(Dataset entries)
--- START ---

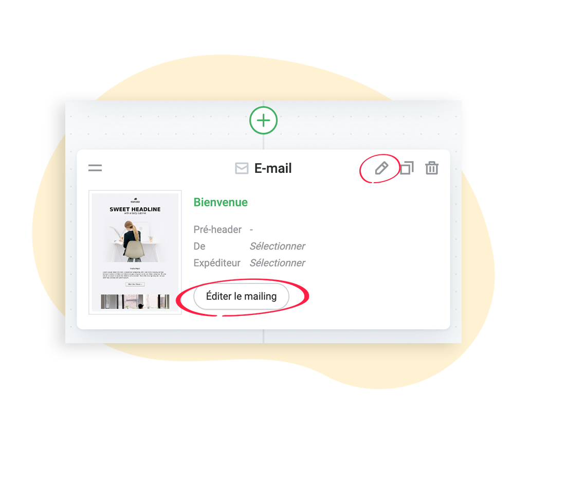 Le déclencheur temporel permet ainsi d'éviter une surcharge de messages de bienvenue tout en vous offrant beaucoup plus de liberté dans la conception de votre e-mail. Vous pouvez modifier et personnaliser le mailing en cliquant sur le bouton associé Éditer le mailing.
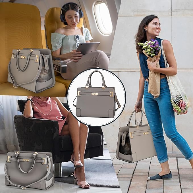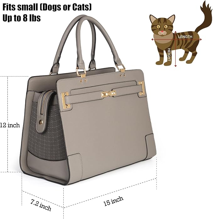 Stylish Pet Carrier Purse Leather Bag for Small Dogs Cats Puppy,Airline Approved Soft-Sided Carriers (Elephant Grey)
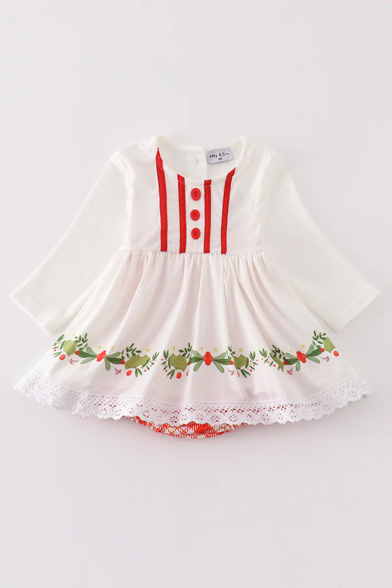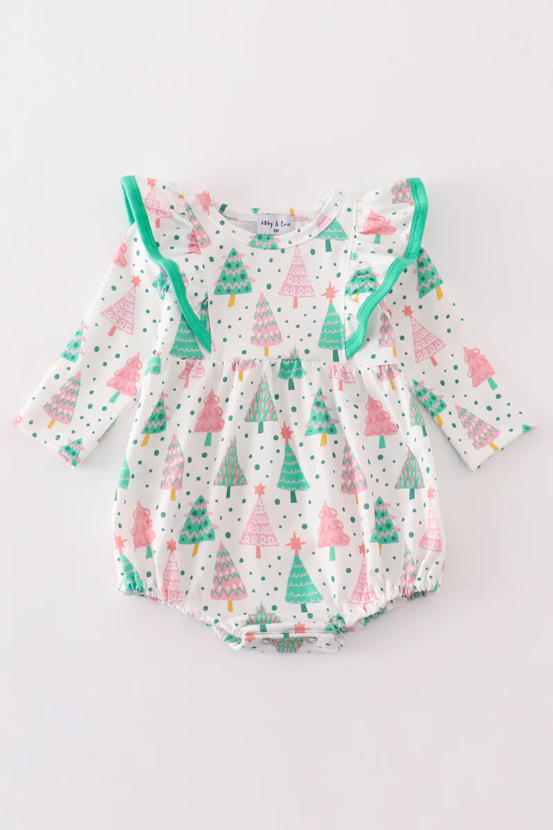 Green Christmas Tree Print Ruffle Bubble
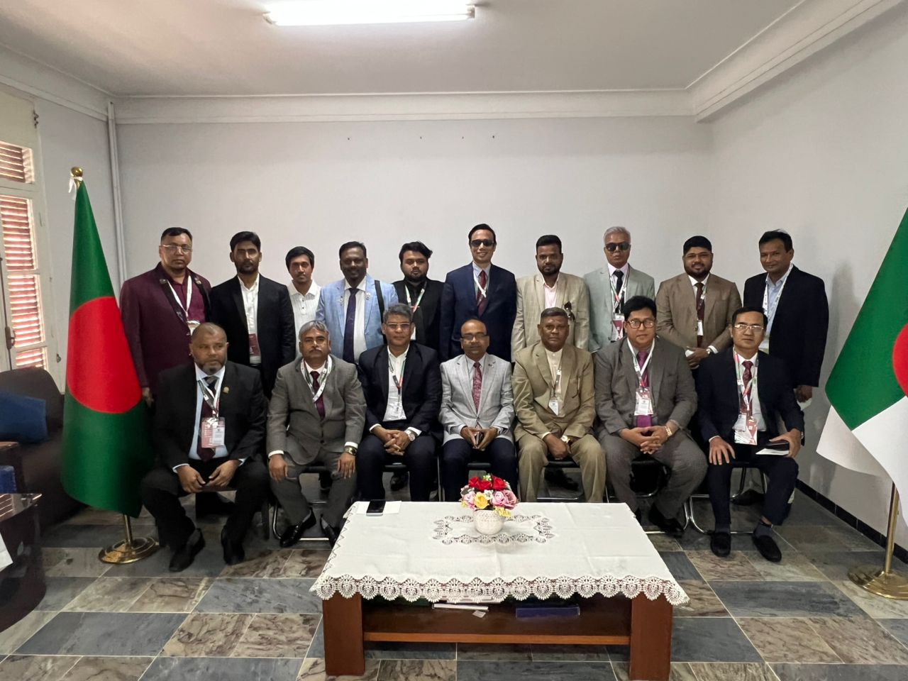 আলজিয়ার্স, ০৭ সেপ্টেম্বর ২০২৫ বাংলাদেশ-আলজেরিয়া বিজনেস ফোরামের তেরো সদস্যের একটি প্রতিনিধি দল ০৬ সেপ্টেম্বর বাংলাদেশ দূতাবাস, আলজিয়ার্স পরিদর্শন করেন। পরিদর্শনকালে, ফোরামের সদস্যবৃন্দ আলজেরিয়ায় নিযুক্ত বাংলাদেশের মান্যবর রাষ্ট্রদূত জনাব মো. নাজমুল হুদার সাথে সৌজন্য সাক্ষাত করেন এবং আলজেরিয়াতে বাংলাদেশের রপ্তানি সুযোগ বৃদ্ধিসহ ব্যবসা-বাণিজ্য সম্প্রসারণের সম্ভাবনা নিয়ে মতবিনিময় করেন। মতবিনিময়কালে প্রতিনিধিদল বাংলাদেশের বাজারে আলজেরিয়ার পণ্য সরবরাহ বৃদ্ধির পাশাপাশি আলজেরিয়াতে বাংলাদেশের রপ্তানিপণ্য বৃদ্ধির নানা দিক সম্পর্কে আলোকপাত করেন। উক্ত আলোচনায় বাংলাদেশ-আলজেরিয়ার মধ্যকার ব্যবসায়িক সম্পর্ক আরও জোরদারের জন্য বিভিন্ন কার্যক্রমের প্রস্তাব করা হয়। এছাড়াও, কৃষি ও কৃষি-শিল্প, তৈরী পোষাক, জ্বালানী, জাহাজ নির্মাণ শিল্প, ফল রপ্তানী, খেলাধুলা, তথ্যপ্রযুক্তি, জনশক্তি রপ্তানী, সাংস্কৃতিক বিনিময়সহ নানা বিষয়ে বাংলাদেশ এবং আলজেরিয়ার মধ্যে বিদ্যমান ব্যবসায়িক সম্পর্ক সম্প্রসারণের সম্ভাবনা নিয়ে বিস্তারিত আলোচনা হয়, যা আগামী দিনগুলোতে দুই দেশের মধ্যে নতুন ব্যবসা এবং বিনিয়োগের সুযোগ সৃষ্টি করবে বলে আশা প্রকাশ করা যাচ্ছে।আলজেরিয়ায় নিযুক্ত বাংলাদেশের মান্যবর রাষ্ট্রদূত জনাব মো. নাজমুল হুদা বাংলাদেশ ও আলজেরিয়ার মধ্যকার দ্বিপাক্ষিক সম্পর্ক উন্নয়নে বাংলাদেশ-আলজেরিয়া বিজনেস ফোরামের অধিকতর সক্রিয় ভূমিকার উপর গুরুত্বারোপ করেন এবং ভবিষ্যতে ফোরামের এ সম্পর্কিত বিভিন্ন কার্যক্রম অব্যাহত রাখার আহ্বান জানান। রাষ্ট্রদূত আরও বলেন যে, এ ধরনের আলোচনা এবং সহযোগিতামূলক বিভিন্ন উদ্যোগ ভবিষ্যতে দুই দেশের সম্পর্ককে আরও শক্তিশালী করতে অগ্রণী ভূমিকা পালন করবে।উল্লেখ্য যে, বাংলাদেশ-আলজেরিয়া বিজনেস ফোরামের সভাপতি মোহাম্মদ নূরুল মোস্তফা ও সাধারণ সম্পাদক আলী হায়দার চৌধুরীসহ ফোরামের তেরো জন সদস্য বর্তমানে আলজেরিয়ায় বাংলাদেশের ব্যবসা ও বিনিয়োগ সম্প্রসারণের সম্ভাব্যতা যাচাই এবং Intra-African Trade Fair (IATF2025) -এ অংশগ্রহণের নিমিত্ত আলজেরিয়াতে ভ্রমণ করছেন। ব্যবসায়ী প্রতিনিধিদল তাদের সফরকালে স্থানীয় ব্যবসায়ী ও উদ্যোক্তাদের সাথে সম্ভাব্য সহযোগিতার ক্ষেত্রে চিহ্নিত করার পাশাপাশি আলজেরীয় সরকারের উচ্চপর্যায়ের কর্মকর্তাদের সঙ্গে মতবিনিময় করেন।
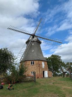 Mit dem Bus fuhren wir dann weiter zum Mühlenhof nach Altkalen. Malerisch eingebettet, mitten in der Mecklenburgischen Schweiz, steht die Windmühle in Altkalen. Seit mehr als 120 Jahren prägt die Mühle das Bild einer bezaubernden Landschaft. Auf dem Mühlenhof wird, wie zu Großvaters Zeiten, regelmäßig Korn mit Windkraft zu Mehl gemahlen. Nach der interessanten Vorführung und den lustigen Anekdoten haben wir in der rustikalen Kornhalle den selbstgebackenen Kuchen und Kaffee zu uns genommen. Zum Abschluss kann man sagen, wer einmal im Schatten einer Windmühle dem Rauschen der Flügel gelauscht, das Mahlen, die Mühlensteine beobachtet und den Geruch des frisch gemahlenen Mehls genossen hat, kann sich der Faszination dieser urtümlichen Gemäuer nicht mehr entziehen. Schon allein dieser Umstand ist einen Besuch auf dem Mühlenhof Altkalen wert, um einem Windmüller bei der Arbeit über die Schulter zu schauen. Mit frischgebackenem Brot traten wir gut gelaunt die Heimreise an.
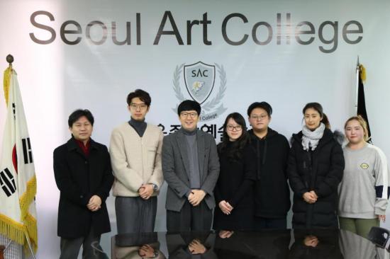 (从左至右:韩国SAC艺术中心院长孫大願、SAC学校理事金泰亨、SAC学校创立者金旼成、数字媒体艺术专业主任陈如华、工作室骨干教师侯博奡、SAC学校教授金效演、中韩翻译员安美燕)
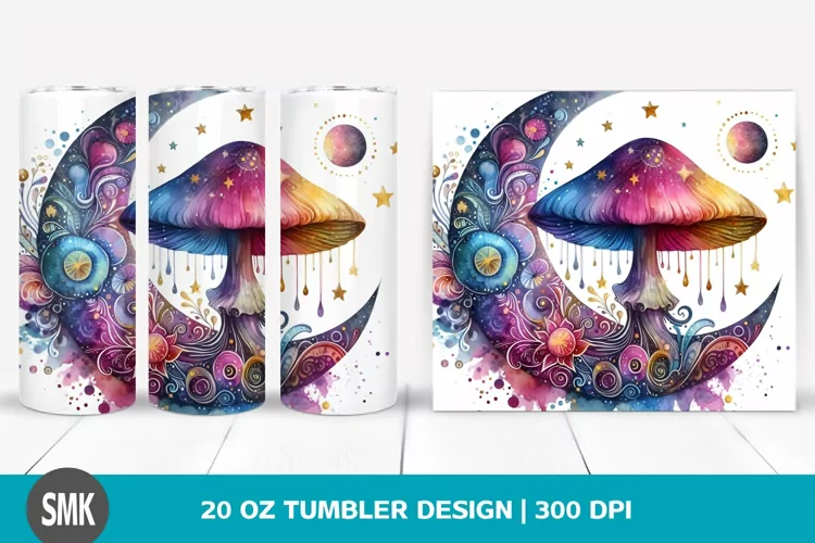 Watercolor Colorful Celestial Clipart Png Mushroom Magical Sublimation Tumbler Astral
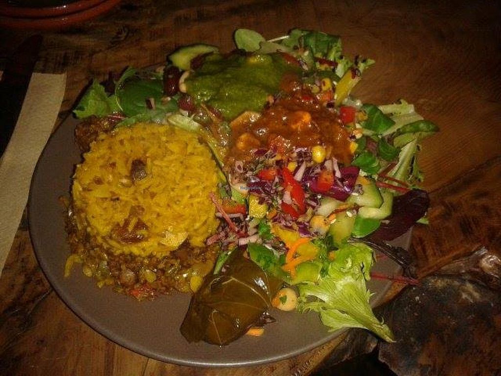 Stuffed vine leaves with humous and salad - delcicious!
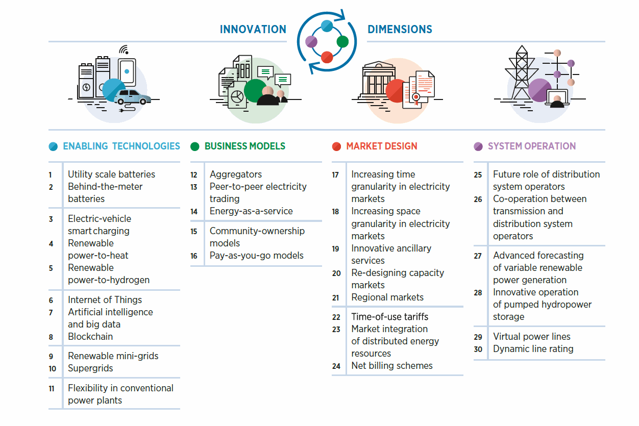 Take a look at the way IRENA is breaking down the innovation dimensions in this visual that covers 30 key innovation dimensions that will drive energy transitions across enabling technologies, new business models, different market designs, and system operation.
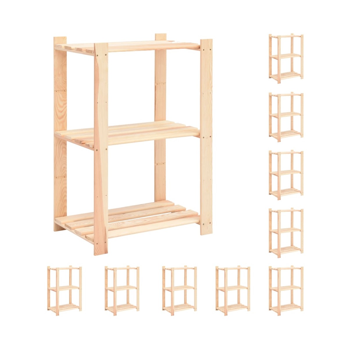 Nuestro estante de almacenamiento de madera maciza es una solución ideal para el almacenamiento doméstico y comercial, en la cocina, el lavadero, el sótano, el baño, la oficina, el garaje, el taller o cualquier otro lugar donde puedas necesitar espacio de almacenamiento adicional, ya que proporciona suficiente espacio para guardar todos los artículos perfectamente organizados. Hecha de madera maciza de pino, la estantería de almacenamiento es muy duradera. Puede mantener su color natural o dar una capa de pintura u otro acabado de su color favorito. Gracias a los materiales de montaje incluidos, nuestra unidad de almacenamiento es fácil de montar. La entrega incluye 10 estanterías.
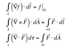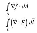.When we do this in vector form, the results are more complicated. If we have a scalar field, f, and a vector field, F, then we typically consider three theorems in three dimensions where an integral cancels a vector derivative:
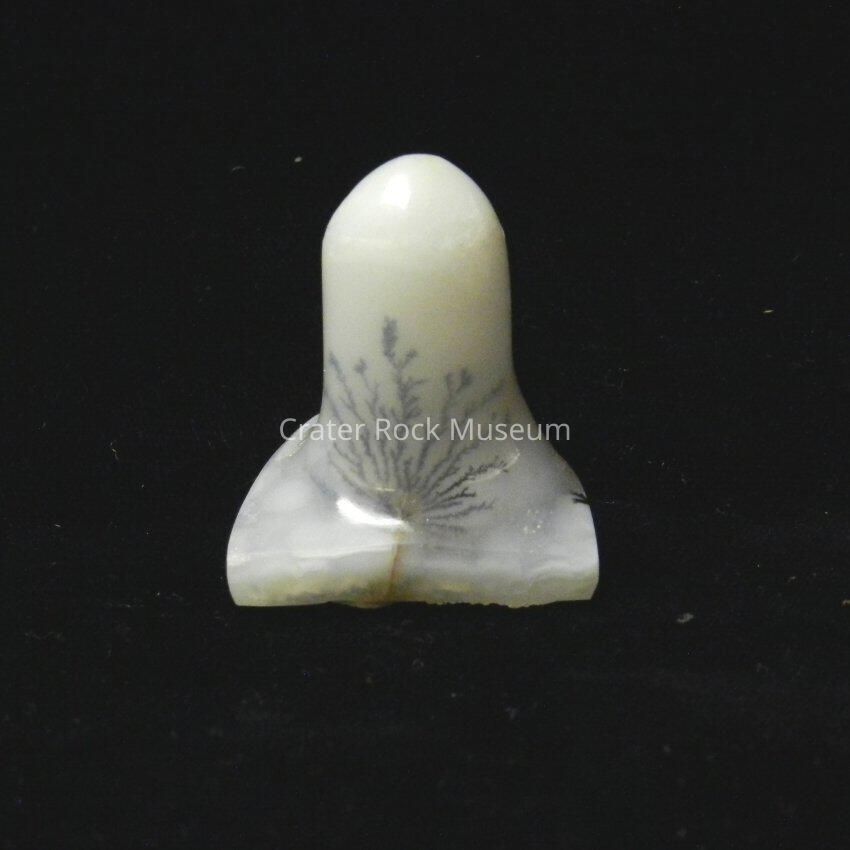 Description: Square base with rounded spire. Creamy white with spidery dendritic structure.
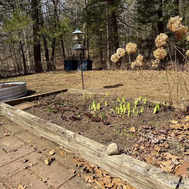 With the snow gone from the yard, it was time for me to dig around my leaf-mulched garden beds to see what was what, and I got quite a little surprise. The perennials have apparently decided that, despite the dusting of snow, spring is here, a good two weeks earlier than it was back in the day. We have lived in this house for forty-two years, and I had developed a routine: raking the backyard as soon as it was dry enough—usually the middle of the month—and by the end of April or the beginning of May, start tending my beds.
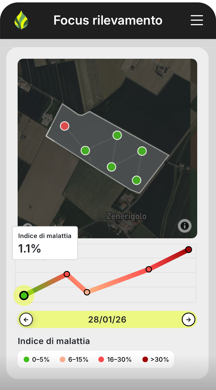 Puoi usarla subito, senza costi e senza vincoli. Inserisci i tuoi campi, osserva i dati, consulta le mappe di rischio e supporta le decisioni agronomiche con informazioni aggiornate e localizzate.

--- END ---

PROMPT: The finished copy should match the data above word for word and contain no pictures.

YOUR RESPONSE:
 Le déclencheur temporel permet ainsi d'éviter une surcharge de messages de bienvenue tout en vous offrant beaucoup plus de liberté dans la conception de votre e-mail. Vous pouvez modifier et personnaliser le mailing en cliquant sur le bouton associé Éditer le mailing.
 Stylish Pet Carrier Purse Leather Bag for Small Dogs Cats Puppy,Airline Approved Soft-Sided Carriers (Elephant Grey)
 Green Christmas Tree Print Ruffle Bubble
 আলজিয়ার্স, ০৭ সেপ্টেম্বর ২০২৫ বাংলাদেশ-আলজেরিয়া বিজনেস ফোরামের তেরো সদস্যের একটি প্রতিনিধি দল ০৬ সেপ্টেম্বর বাংলাদেশ দূতাবাস, আলজিয়ার্স পরিদর্শন করেন। পরিদর্শনকালে, ফোরামের সদস্যবৃন্দ আলজেরিয়ায় নিযুক্ত বাংলাদেশের মান্যবর রাষ্ট্রদূত জনাব মো. নাজমুল হুদার সাথে সৌজন্য সাক্ষাত করেন এবং আলজেরিয়াতে বাংলাদেশের রপ্তানি সুযোগ বৃদ্ধিসহ ব্যবসা-বাণিজ্য সম্প্রসারণের সম্ভাবনা নিয়ে মতবিনিময় করেন। মতবিনিময়কালে প্রতিনিধিদল বাংলাদেশের বাজারে আলজেরিয়ার পণ্য সরবরাহ বৃদ্ধির পাশাপাশি আলজেরিয়াতে বাংলাদেশের রপ্তানিপণ্য বৃদ্ধির নানা দিক সম্পর্কে আলোকপাত করেন। উক্ত আলোচনায় বাংলাদেশ-আলজেরিয়ার মধ্যকার ব্যবসায়িক সম্পর্ক আরও জোরদারের জন্য বিভিন্ন কার্যক্রমের প্রস্তাব করা হয়। এছাড়াও, কৃষি ও কৃষি-শিল্প, তৈরী পোষাক, জ্বালানী, জাহাজ নির্মাণ শিল্প, ফল রপ্তানী, খেলাধুলা, তথ্যপ্রযুক্তি, জনশক্তি রপ্তানী, সাংস্কৃতিক বিনিময়সহ নানা বিষয়ে বাংলাদেশ এবং আলজেরিয়ার মধ্যে বিদ্যমান ব্যবসায়িক সম্পর্ক সম্প্রসারণের সম্ভাবনা নিয়ে বিস্তারিত আলোচনা হয়, যা আগামী দিনগুলোতে দুই দেশের মধ্যে নতুন ব্যবসা এবং বিনিয়োগের সুযোগ সৃষ্টি করবে বলে আশা প্রকাশ করা যাচ্ছে।আলজেরিয়ায় নিযুক্ত বাংলাদেশের মান্যবর রাষ্ট্রদূত জনাব মো. নাজমুল হুদা বাংলাদেশ ও আলজেরিয়ার মধ্যকার দ্বিপাক্ষিক সম্পর্ক উন্নয়নে বাংলাদেশ-আলজেরিয়া বিজনেস ফোরামের অধিকতর সক্রিয় ভূমিকার উপর গুরুত্বারোপ করেন এবং ভবিষ্যতে ফোরামের এ সম্পর্কিত বিভিন্ন কার্যক্রম অব্যাহত রাখার আহ্বান জানান। রাষ্ট্রদূত আরও বলেন যে, এ ধরনের আলোচনা এবং সহযোগিতামূলক বিভিন্ন উদ্যোগ ভবিষ্যতে দুই দেশের সম্পর্ককে আরও শক্তিশালী করতে অগ্রণী ভূমিকা পালন করবে।উল্লেখ্য যে, বাংলাদেশ-আলজেরিয়া বিজনেস ফোরামের সভাপতি মোহাম্মদ নূরুল মোস্তফা ও সাধারণ সম্পাদক আলী হায়দার চৌধুরীসহ ফোরামের তেরো জন সদস্য বর্তমানে আলজেরিয়ায় বাংলাদেশের ব্যবসা ও বিনিয়োগ সম্প্রসারণের সম্ভাব্যতা যাচাই এবং Intra-African Trade Fair (IATF2025) -এ অংশগ্রহণের নিমিত্ত আলজেরিয়াতে ভ্রমণ করছেন। ব্যবসায়ী প্রতিনিধিদল তাদের সফরকালে স্থানীয় ব্যবসায়ী ও উদ্যোক্তাদের সাথে সম্ভাব্য সহযোগিতার ক্ষেত্রে চিহ্নিত করার পাশাপাশি আলজেরীয় সরকারের উচ্চপর্যায়ের কর্মকর্তাদের সঙ্গে মতবিনিময় করেন।
 Mit dem Bus fuhren wir dann weiter zum Mühlenhof nach Altkalen. Malerisch eingebettet, mitten in der Mecklenburgischen Schweiz, steht die Windmühle in Altkalen. Seit mehr als 120 Jahren prägt die Mühle das Bild einer bezaubernden Landschaft. Auf dem Mühlenhof wird, wie zu Großvaters Zeiten, regelmäßig Korn mit Windkraft zu Mehl gemahlen. Nach der interessanten Vorführung und den lustigen Anekdoten haben wir in der rustikalen Kornhalle den selbstgebackenen Kuchen und Kaffee zu uns genommen. Zum Abschluss kann man sagen, wer einmal im Schatten einer Windmühle dem Rauschen der Flügel gelauscht, das Mahlen, die Mühlensteine beobachtet und den Geruch des frisch gemahlenen Mehls genossen hat, kann sich der Faszination dieser urtümlichen Gemäuer nicht mehr entziehen. Schon allein dieser Umstand ist einen Besuch auf dem Mühlenhof Altkalen wert, um einem Windmüller bei der Arbeit über die Schulter zu schauen. Mit frischgebackenem Brot traten wir gut gelaunt die Heimreise an.
 (从左至右:韩国SAC艺术中心院长孫大願、SAC学校理事金泰亨、SAC学校创立者金旼成、数字媒体艺术专业主任陈如华、工作室骨干教师侯博奡、SAC学校教授金效演、中韩翻译员安美燕)
 Watercolor Colorful Celestial Clipart Png Mushroom Magical Sublimation Tumbler Astral
 Stuffed vine leaves with humous and salad - delcicious!
 Take a look at the way IRENA is breaking down the innovation dimensions in this visual that covers 30 key innovation dimensions that will drive energy transitions across enabling technologies, new business models, different market designs, and system operation.
 Nuestro estante de almacenamiento de madera maciza es una solución ideal para el almacenamiento doméstico y comercial, en la cocina, el lavadero, el sótano, el baño, la oficina, el garaje, el taller o cualquier otro lugar donde puedas necesitar espacio de almacenamiento adicional, ya que proporciona suficiente espacio para guardar todos los artículos perfectamente organizados. Hecha de madera maciza de pino, la estantería de almacenamiento es muy duradera. Puede mantener su color natural o dar una capa de pintura u otro acabado de su color favorito. Gracias a los materiales de montaje incluidos, nuestra unidad de almacenamiento es fácil de montar. La entrega incluye 10 estanterías.
.When we do this in vector form, the results are more complicated. If we have a scalar field, f, and a vector field, F, then we typically consider three theorems in three dimensions where an integral cancels a vector derivative:
 Description: Square base with rounded spire. Creamy white with spidery dendritic structure.
 With the snow gone from the yard, it was time for me to dig around my leaf-mulched garden beds to see what was what, and I got quite a little surprise. The perennials have apparently decided that, despite the dusting of snow, spring is here, a good two weeks earlier than it was back in the day. We have lived in this house for forty-two years, and I had developed a routine: raking the backyard as soon as it was dry enough—usually the middle of the month—and by the end of April or the beginning of May, start tending my beds.
 Puoi usarla subito, senza costi e senza vincoli. Inserisci i tuoi campi, osserva i dati, consulta le mappe di rischio e supporta le decisioni agronomiche con informazioni aggiornate e localizzate.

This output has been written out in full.